Batch Downloading and Transcribing Podcast Episodes

Aug. 5, 2025

I recently wanted to collect and peruse the transcripts of some older podcast episodes. While Pocket Casts, my go-to podcatcher, supports bulk downloading of audio, exporting the files for further processing is an extra, cumbersome step. This led me to look for a command-line workflow to automate the task.

After evaluating a few open-source projects, I settled on poddl. It’s been consistently updated and has no unnecessary features.

>> Downloading Episodes

The developer of poddl provides pre-compiled binaries for Windows and Linux. On macOS, you need to compile it from source, which is likely because the developer offers a separate paid Mac application (a fair approach).

First, clone the repository and build the executable:

# Clone the source code
git clone https://github.com/freshe/poddl.git
cd poddl

# Compile using g++, linking the curl library
g++ *.cpp -O2 -std=c++11 -lcurl -o poddl

# Make the output file executable
chmod +x poddl

Next, you need the podcast’s RSS feed URL. The quickest way to find this is to use the export feature in your podcatcher of choice, which typically generates an OPML file. Inside this file, find the xmlUrl attribute for the podcast you want.

With the URL, you can list all available episodes. The following command lists them in reverse chronological order (-r):

./poddl URL -l -r

The output will be a numbered list of episodes:

...
Fetching URL: https://example.org/podcast.xml
Listing 12 files

[12] S02 Episode 4
[11] S02 Episode 3
[10] S02 Episode 2
[9] S02 Episode 1
...

Once you’ve identified the episodes to download, use the indices (-n) to grab them. For example, this command downloads episodes 9 through 12 into a specified directory (-o):

./poddl URL -n 9-12 -o ~/Downloads

Drop -n if you want to download all episodes.

(poddl names files based on the <title> tag in the RSS feed. If the podcast you’re downloading doesn’t number its episodes, you can use -z to automatically prefix filenames with a zero-padded index. For a full list of available options, see the project documentation.)

A limitation of poddl is that it downloads files sequentially. If you’re in a hurry, you can open multiple terminal windows and run the command with different episode ranges in parallel.

>> Transcribing Audio to Text with Whisper

With the audio files ready, the next step is transcription. For batch processing, I used mlx-whisper, an implementation of OpenAI’s Whisper model optimized for Apple Silicon, which is reportedly 30–40% faster than the original.

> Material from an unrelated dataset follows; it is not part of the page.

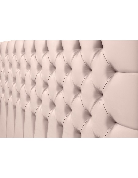 Kontinentalseng med opbevaring og sengegavl, fremstillet i pastelpink velour. Sengen måler 200 x 200 / 211 cm i bredde og dybde og 55 / 120 cm i højden. Madrasserne er med 7 komfortzoner for optimal komfort.

First, install the mlx-whisper package. I prefer uv, a faster and more robust alternative to pip:

# Using uv
uv tool install mlx-whisper
# Or with pip
# pip install mlx-whisper

Then, navigate to the directory containing your audio files and run the following command to processes all MP3 files in the current directory:

mlx_whisper --model mlx-community/whisper-large-v3-turbo *.mp3

(Note that the name of the executable is different from the name of the project — there’s an underscore instead of a hyphen.)

Here, --model mlx-community/whisper-large-v3-turbo specifies the model. You can find more models in the MLX Community’s Hugging Face collection. The first time you run a transcription, the model will be downloaded and cached to ~/.cache/huggingface/hub.

(Optionally, use -f FORMAT to select an output format other than the default txt, which can be either srt, vtt, or json.)

On my MacBook Air (M2), transcribing a 48-minute episode using this model took 4 minutes and 56 seconds (9.8x). To estimate the total time for a large batch, you can calculate the total duration of your audio files in seconds with ffprobe (included in the ffmpeg package):

for f in *.mp3; do
    ffprobe -v error \ # suppressing all output except errors
            -show_entries format=duration \
            -of default=noprint_wrappers=1:nokey=1 \ # keeping only the raw number, no labels or formatting
            "$f"
done | awk '{
    sum += $1
} END {
    print sum
}'

>> Refining the Transcript with LLM

The raw text from Whisper is functional but often contains filler words, repetitions, and other conversational artifacts. A final pass with an LLM can clean this up effectively. With recent models, a simple prompt is usually sufficient:

Format the provided audio transcript into a clean, well-paragraphed written text. You may remove filler words and repetitions or correct grammatical errors, but do not otherwise summarize or delete content.

Once you have a collection of clean transcripts, you can drop them into a summarizer tool like NotebookLM. This allows you to search, ask questions, and generate summaries across the entire archive.